THE Rizal Commercial Banking Corp. (RCBC) saw its net income rise 70 percent in the first quarter of 2023 on the back of double-digit growth in total resources, consumer loans and credit card receivables.
The lender announced through a statement that its unaudited consolidated net income reached over P3.6 billion. Total resources grew 20 percent year-on-year to P1.2 trillion in the first three months of the year.
RCBC said there was a “steady build-up” of earning assets: customer loans went up 10 percent and investment securities higher by 27 percent.
“Accounting for 18 percent of asset growth for the period, the bank’s loan portfolio focused on higher yielding segments, such as SME, higher by 18 percent, consumer loans up by 14 percent and credit card receivables higher by 46 percent.”
The lender has added ten physical branches as of March to 462 from 452 as of end-September last year. It also increased by 58 the number of its automated teller machines (ATMs) to 1,371 as of March from 1,313 in September, 2022.
As of March, RCBC has 1,784 “ATM Go” terminals, up 312 from 1,472 as of end-September last year.
Data science
MEANWHILE, the lender said its credit card billings increased by 67 percent, which was facilitated by its digital platform.
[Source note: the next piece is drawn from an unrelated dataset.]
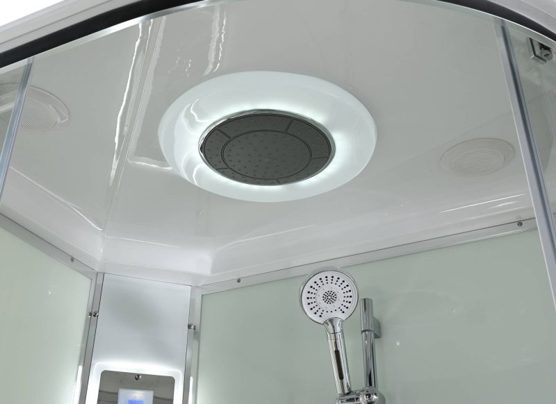 Стильная душевая кабина AvaCan EM2812LLEDT сочетает в себе высокую функциональность, практичность и надежность. При изготовлении применяется безопасное закаленное стекло толщиной 5 мм (прозрачное), надежно фиксируемое алюминиевым профилем. Сборка без силикона (увеличивает срок службы), внутренняя сборка(облегчает установку и ревизию; позволяет установить в ограниченном пространстве), смеситель резьбовой (без хомутов). Съемный экран поддона (позволяет осуществлять ревизию сифона). Цвет профиля  хром. Двойные металлические ролики дверей (увеличивают срок службы).В комплекте : душевая штанга, две полочки , тропический (верхний) душ, арома-лейка с витамином С (картридж съемный),полимерная вставка в поддон(имитация дерева),сифон, ручки дверей из нержавейки , двойные ролики ,пульт сенсорный(Блютуз ,LED подсветка ,радио ,вытяжка),гидромассаж спины.

Data analytics allowed for strong acquisition in the first quarter with 44 percent more new card issuances while keeping card delinquency rates within industry levels, the bank added.
The bank’s asset quality also showed marked improvement, returning to pre-pandemic levels at 1.99 percent net NPL as of end-March 2023.
To note, RCBC’s net nonperforming loan (NPL) hit 2.2 percent in the first quarter of 2020 compared to 2.6 percent in the same period in 2019.
Supporting the asset build-up strategy was the solid increase in deposits by 27 percent to P859 billion, boosted by the 17 percent rise in CASA deposits.
The bank’s comprehensive suite of cash management services and extensive corporate and SME banking relationships continued to provide the uplift in CASA.
“We are reinforcing our sales network to enable wider and efficient coverage, guided by data science and analytics to further understand customer needs and serve them better,” RCBC President and CEO Eugene S. Acevedo said.
Synergy, collaboration
THE bank’s capital also improved by 7 percent, keeping capital adequacy ratios above minimum regulatory requirements.
With the upcoming P27.1 billion capital infusion from the Sumitomo Mitsui Banking Corp. (SMBC), the bank expects 300 to 400 basis points of uplift in CET1 ratios to further support its asset expansion.
“There are many opportunities for synergy and collaboration with SMBC, some of which we have been actively pursuing in the past few months,” Acevedo added “By adopting SMBC’s global best practices, we seek to redefine banking as a whole and raise the bar for customer experience.”
On Thursday, the shares of RCBC (traded as RCB) was at P23.60 per share, a 1.26 percent decline. Shares opened at P23.85 per share and reached a high of P24 per share and a low of P23 per share. The average 52-week high of RCBC shares was P28.3 per share while the 52-week low is P18.84 per share.